Tax transparency rules for crypto-asset transactions (DAC8)

(c) Stock Birken / Unsplash

DAC8, proposal for amending Directive 2011/16/EU on administrative cooperation in the field of taxation. It would be the 8th amendment of the directive, hence the DAC8 naming. Under DAC8 crypto-asset service providers (or CASPs) are required to report information about their clients' transactions to EU member states' tax authorities, including but not limited to:

  • Identity information: name, address, and tax identification number (referred to as in TIN in the texts)
  • Transaction details: date, value, and nature of the transaction (e.g. purchase, sale, transfer, ...)
  • Type of crypto-asset involved: e.g. Bitcoin, Ether, ...
  • Account information: details of the crypto-asset account or wallet

Central Bank Digital Currencies (CBDCs) would not be excluded from this reporting requirement, but possibly only account balances would need to be reported. Not the individual transactions per wallet, since CBDCs value is / should be stable by default.

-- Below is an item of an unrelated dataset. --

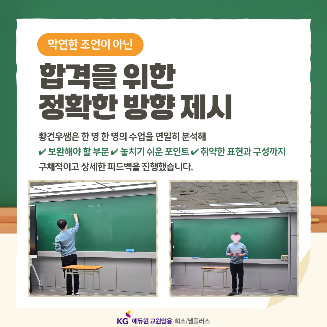 황건우쌤이 예비쌤 한 명 한 명의 수업을 면밀히 분석해

Here is a great briefing by EPRS (European Parliamentary Research Service) on the proposed changes: https://www.europarl.europa.eu/thinktank/en/document/EPRS_BRI(2023)739310 

If you are interested in the nitty-gritty details on what needs to be reported to the tax man, here is the proposed amendment😉: https://eur-lex.europa.eu/eli/dir/2023/2226/oj 

Please note that here are no specific security requirements in the text, but this is yet another compliance obligation one needs to account for when operating a CASP in the EU.

As a closing note, you can clearly see that the EU is closing the nets on tax evasion via this regulation (especially when combined with the TFR or "travel rule" regulation).

CASPs are getting regulated like regular banks, and they will all need to dance to the tune of the EU regulators.